Sun, 07/25/2010 - 07:54 | 487425 dcb
dcb's picture

 Debt deflation will ultimately lead to systemic collapse and "collective ruin".

 

this statement is the one I dsiagree with. Both ways lead to collective ruin, but of different types. One works best for different classes of people. deflation for good old savers who have lived their life the way they should works best for me, inflation for those who lent out too much money in bad loans works best for them.

Having spent a lot of time looking into delflation I am convinced much of what is written about it is wrong.  I don't think humna behavior acts the way economists think (I'll just keep waiting to buy as things drop).  the periods of deflation haven't been so many one can really make much of analysis.
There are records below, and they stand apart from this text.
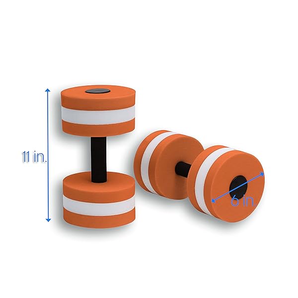 - Trademark Innovations Lightweight Aquatic Exercise Dumbells - Set of 2 Foam - For Water Aerobics (Orange) offers reliable performance and quality- Made from EVA foam, providing buoyancy and low water absorption- Each barbell measures 11" long x 6" wide and weighs .66lbs- Work your upper body as well as your lower back and abs for a total fitness workout- Warning: Not to be used as a flotation device. For ages 14+
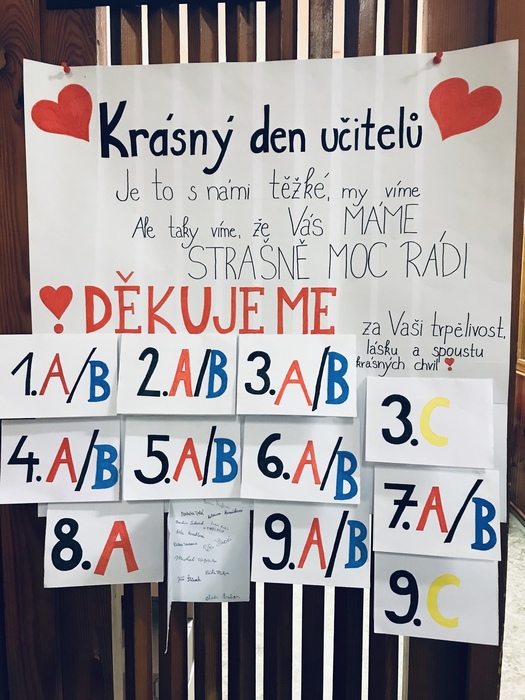 Na den učitelů si připravili žáci naší školy pro učitele překvapení. Žáci devátého ročníku pod vedením Kláry Reslové a Vojtěcha Vavřiny zorganizovali akci, která připomněla odkaz Jana Amose Komenského. Popřáli učitelům, předali jim přáníčka a obrovskou kytku a předali plakát podepsaný od všech žáků školy.
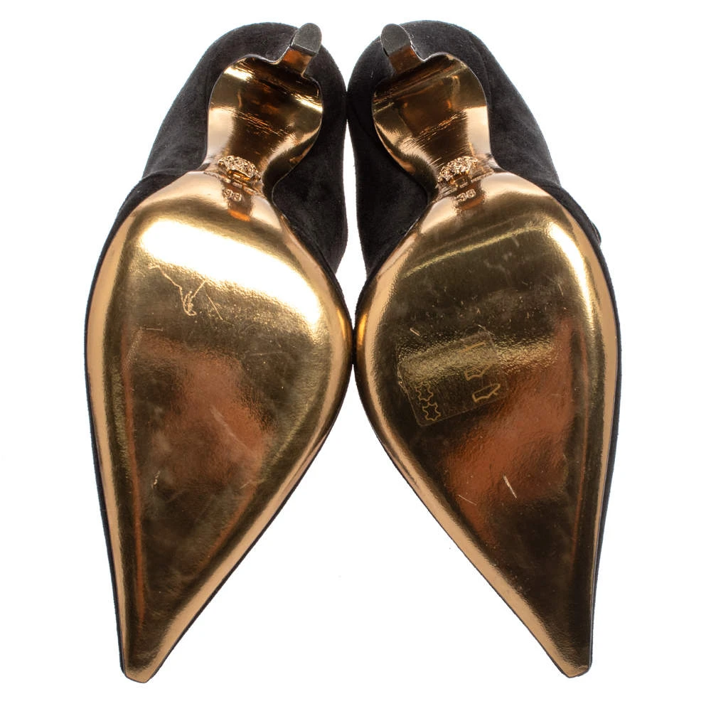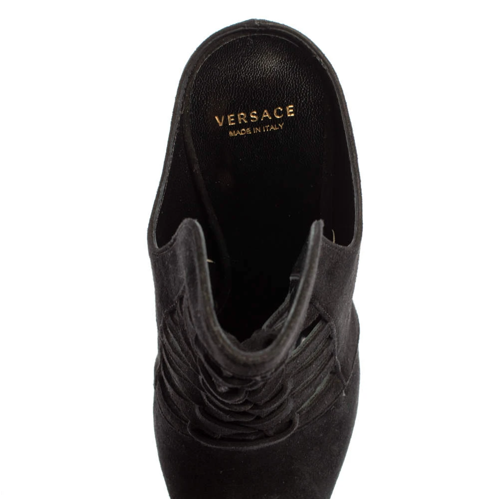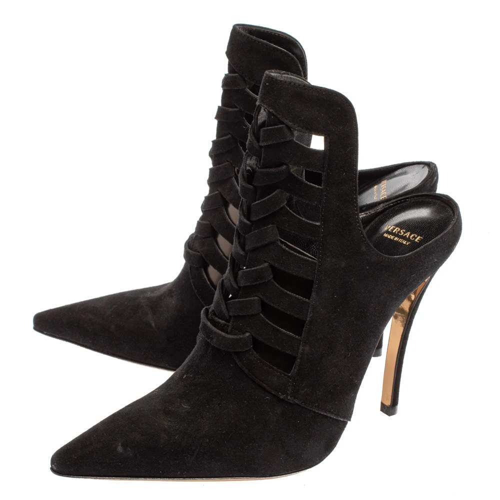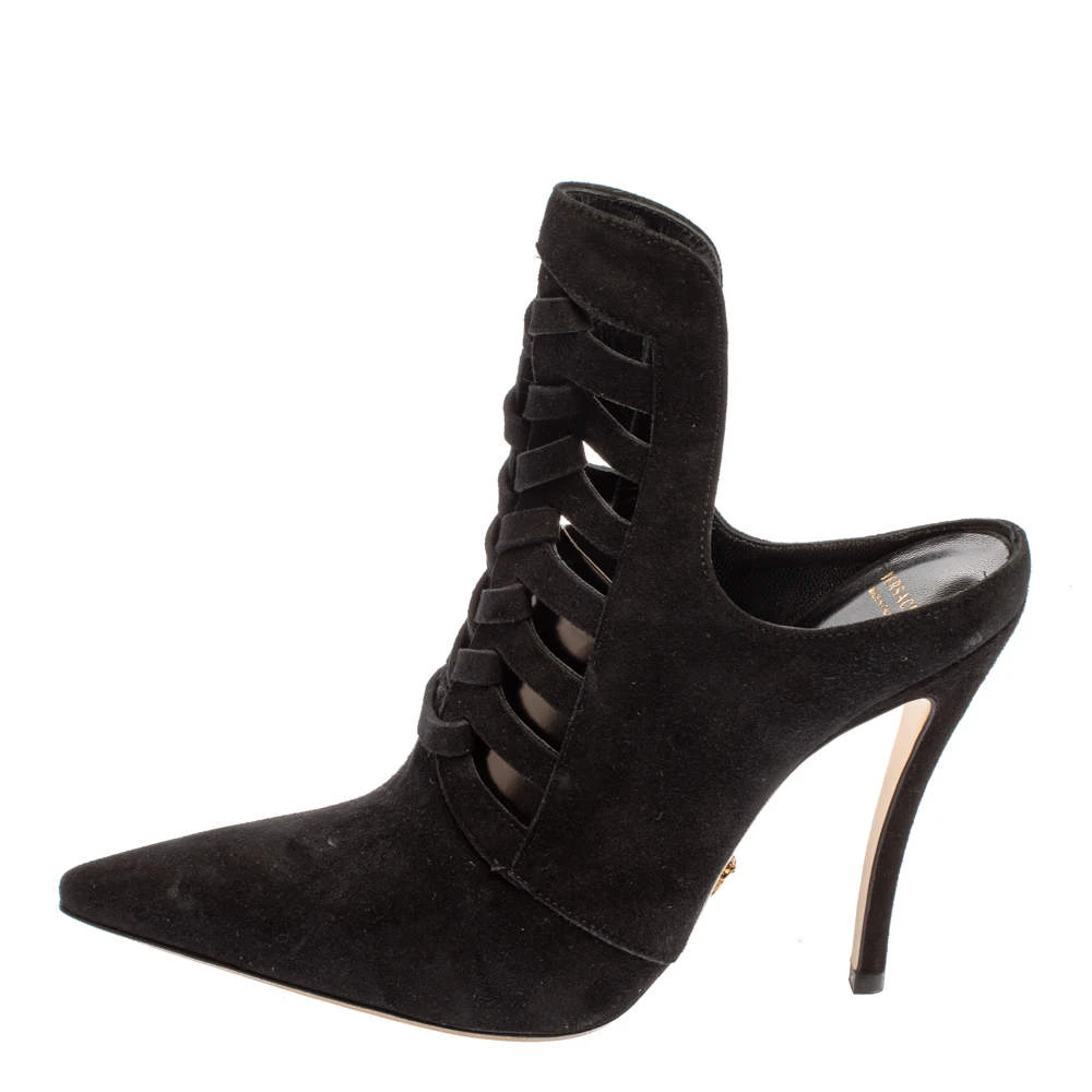 Designed to impart a luxurious appeal, Versace’s mule is for fashionable expeditions. The mule in black suede features a pointed toe, cut-out detailing on the raised vamp, and a slim 11.5 cm heel.

Sun, 07/25/2010 - 06:42 | 487406 Grand Supercycle
Grand Supercycle's picture

DOW updated chart ...

http://stockmarket618.wordpress.com

Sun, 07/25/2010 - 01:48 | 487328 Escapeclaws
Escapeclaws's picture

"the ruling class has lost its confidence in obedience."

Sun, 07/25/2010 - 04:50 | 487376 Bartanist
Bartanist's picture

Yes, that quote grinded on me. The natural reaction is: "by what right does a ruling class expect to be a ruling class and how do THEY deserve it?" By blood (don't make me laugh), by education (there are only minor differences now), by inertia (most likey), by right of care ... meaning that they are good leaders that take care of and attract followers.

People who are good at "taking" money from others generally make very bad leaders. Because they make very bad leaders people in general feel that they have no right to rule. There are so many parts to this problem, but I think once piece at the heart is that leadership has been given to those who are adept at taking money and because they are bad leaders they resort to trickery and subterfuge to do what they do best which is take more money from others. They think they are deserving of obedience, but have never earned loyalty. Authority without responsibility never lasts very long.